New food rules needed to tackle child obesity, say Greens

By staff writers
March 4, 2012

The Green Party of England and Wales, meeting in conference in Liverpool last week, has voted to recommend progressive new food legislation to tackle childhood obesity.

Nearly a third of children in the UK are classified as overweight and obesity costs the country around £2 billion annually, according to health reports.

The problem shortens lives, reduces self-esteem and causes long-term health conditions such as Type 2 diabetes, high blood pressure and chronic heart disease.

The Green Party believes "Everyone has the right to enjoy a sufficient diet of nutritious and safe food for a healthy life" and that the self-regulated approach of the food industry has failed."

Normally occurring in the older generation, experts now fear that problematic health conditions will develop in teenagers as a consequence of their childhood high fat, sugar-laden junk-food diets.
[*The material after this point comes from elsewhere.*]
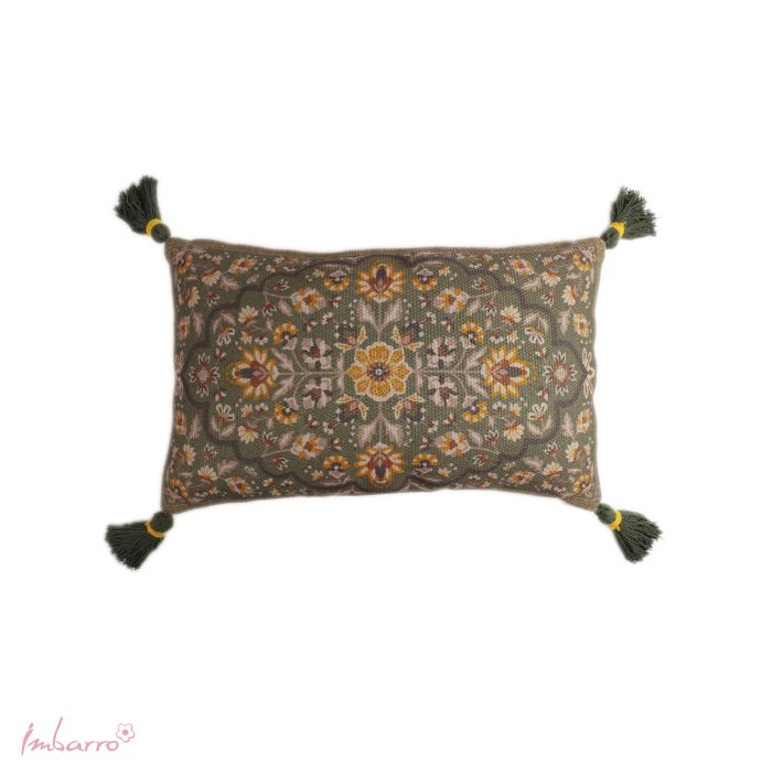 Uniek! Helemaal te gek! Geschikt voor binnen en buiten! Want dit kussen is gemaakt van gerecyclede PET-flessen. Deze geweldige oosterse print is niet meer weg te denken uit het westerse interieur. Een keurrijk & vintage kussen in 3 mooie kleuren.

Apart from the devastating effects on health, junk food is frequently sourced from unsustainable farming methods and presented in excessive, low degradable packaging which damages the environment. Its contents are poorly labelled and it is advertised to children at any opportunity, who then pester their beleaguered parents for it

In 2006, The Food Standards Agency called for a ban on all junk food commercials before the 9pm watershed to protect children's health, but this has been successfully resisted by the food industry who prefer to blame obesity on lack of exercise, rather than acknowledging the contribution of poor diet to being overweight.

The Green Party has voted at its National Conference in Liverpool to prohibit all marketing of unhealthy food and drink targeted at children, not just pre-television watershed, but also "anything that acts as advertising, such as promotional websites, text messages, in-store placements and cinema advertising".